Остановившись в тени, она долго наблюдала, колебалась, сердце в ней рвалось — то от беспокойства, то от страха. Всё оставалось непроницаемо: ни шороха, ни движения, ни одного человека ни внутрь, ни наружу.
Нет, не вынести этой неизвестности!
И тогда в голове промелькнула прежняя мысль: повторить то, что уже сработало — снова поднять тревогу, снова призвать городскую стражу, пусть хотя бы их присутствие всколыхнёт происходящее. Решив действовать, Мудань шагнула к центру улицы…
Но не успела она сделать и нескольких шагов, как издалека раздался резкий стук копыт — стремительный, как удар молнии.

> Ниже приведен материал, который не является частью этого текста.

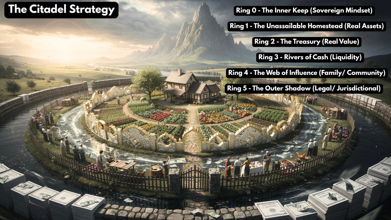 As we move into harder times, the goal is not to fight the system head-on—that is a battle you will almost certainly lose. The goal is to defend ourselves against it, by becoming sovereign and resilient. If the Great Taking ensues, the system is engineered to take what is easiest to seize: digital accounts, brokerage portfolios, domestic vaults, mortgaged property, and pension funds or 401(k)s—all of which are neatly catalogued and trapped within the system. At this stage, it’s unlikely we can stop them, but your Citadel, deliberately built across all five rings and standing in the shadows, remains far beyond their reach.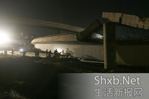 立交垮塌現(xiàn)場(chǎng)圖。來(lái)源:生活新報(bào)網(wǎng) 記者 張訓(xùn)武攝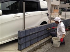 ![]() お庭部分は石貼りも終えて化粧ブロック(町田コーポレーション、アイロックのブラック)を積み上げて、目地を1段ずつ掃除しているところです。掃除を怠ると目地以外でモルタルが白くなり汚れます。 |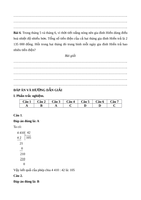 A. 655 000 đồng B. 675 000 đồng C. 645 000 đồng D. 625 000 đồng II. Phần t l ự u n ậ Bài 1. Đ t ặ tính r i ồ tính: 94 581 : 27 72 540 : 36 90 562 : 18 …………………….. …………………….. …………………….. …………………….. …………………….. …………………….. …………………….. …………………….. …………………….. …………………….. …………………….. …………………….. …………………….. …………………….. …………………….. …………………….. …………………….. ……………………..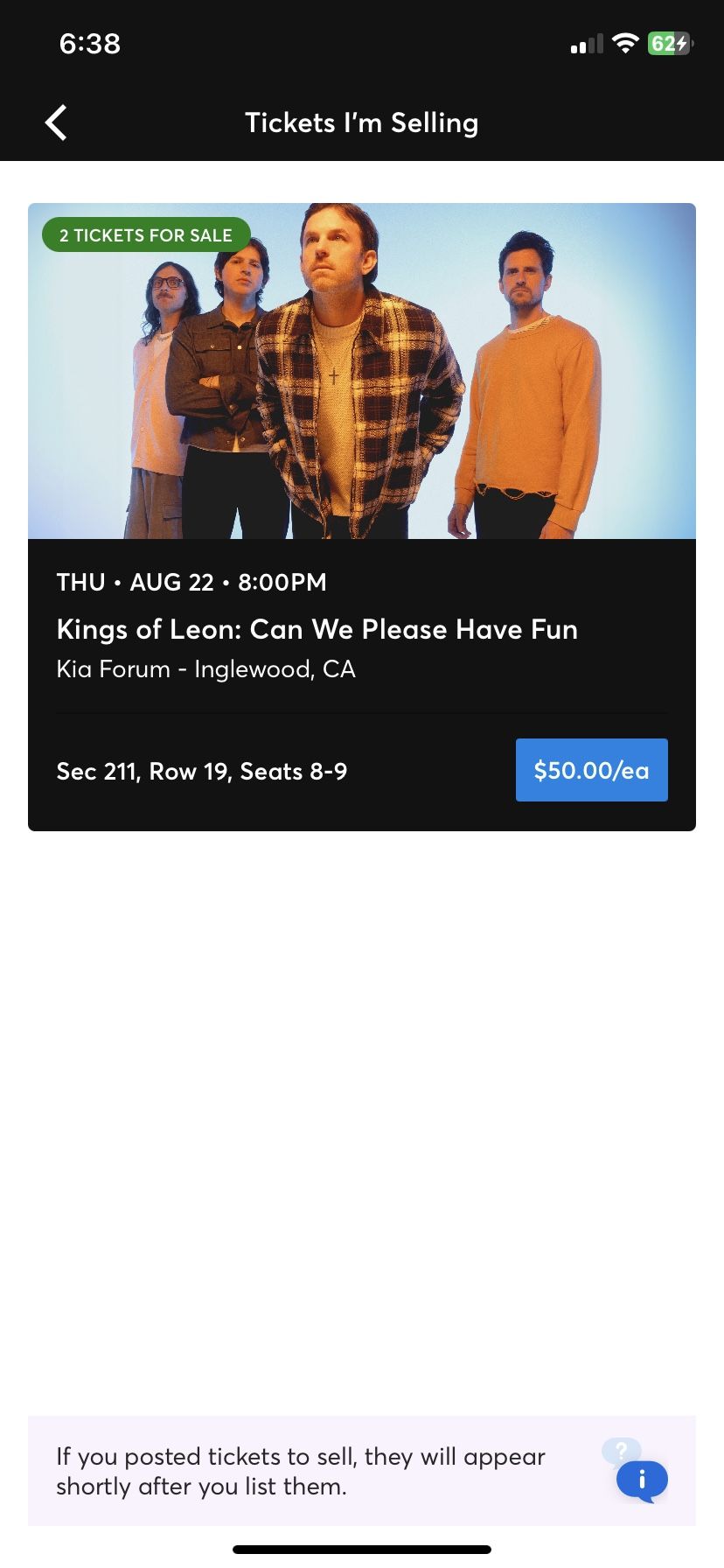 2 tickets for $100 Sec 211, Row 19, seats 8-9 I’ll transfer them on Ticketmaster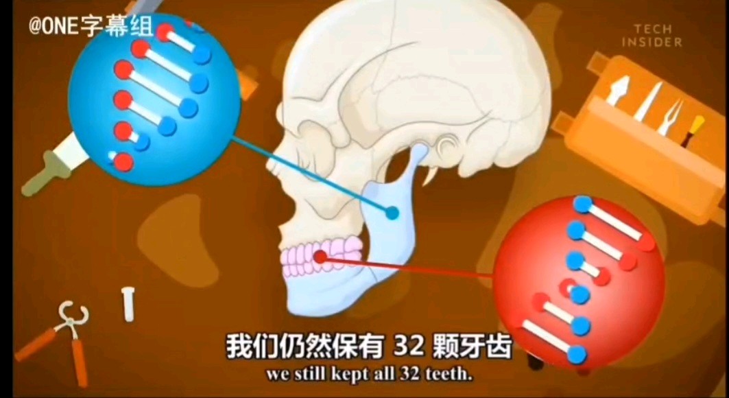 那时人类的下颌骨也比现在更大,考古史前人类的颚就是明证。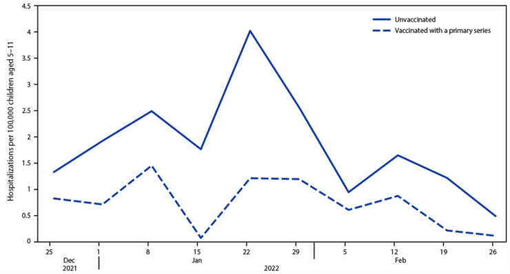 Điều đáng ghi nhận khác đó là từ sau ngày 2/11/2021, trẻ em từ 5-11 tuổi tại Mỹ bắt đầu được tiêm chủng vắc xin COVID-19 (nếu đủ điều kiện), kết quả khảo sát 397 trẻ em mắc COVID-19 nhập viện trong giai đoạn từ 19/12/2021 đến 28/2/2022 - là giai đoạn biến chủng Omicron chiếm ưu thế tại Mỹ - ghi nhận có đến 87% trẻ chưa được tiêm chủng, 30% không có bệnh lý nền và 19% phải điều trị tại Khoa Hồi sức tích cực (ICU). Ngoài ra, khảo sát cho thất tỷ lệ nhập viện ở trẻ em từ 5–11 tuổi trong nhóm chưa tiêm chủng vắc xin phòng COVID-19 cao gấp 2,1 lần so với nhóm trẻ đã tiêm chủng.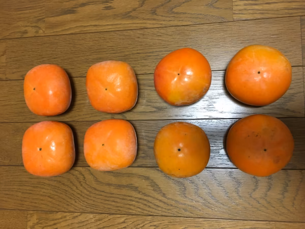 自分が主力として栽培しているのは渋柿です。脱渋したり渋柿にしたりして美味しく召し上がっていただけますが、悲しいかな柿といえば甘柿しかご存知ない方が多いのが実情です。そこで、少しでも脱渋柿の味を知っていただくために、甘柿との食べ比べセットを作りました。樹上脱渋した越前柿と甘柿をそれぞれ4個ずつセットにしてお届けします。どちらが美味いか、決めるのは貴方です。(写真右側の丸い柿が甘柿、左の四角い柿が脱渋した渋柿)

Толпа заголосила, разбегаясь в стороны. Кто-то завизжал, кто-то закричал проклятье — скакун скакал по улице, не сбавляя хода, будто, не считаясь ни с чем.
Мудань не успела оглянуться. Инстинктивно метнулась в сторону — и вдруг рядом раздался женский крик. Не успела она даже увернуться, как увидела: на неё мчалась лошадь. Прямо. Без замедления.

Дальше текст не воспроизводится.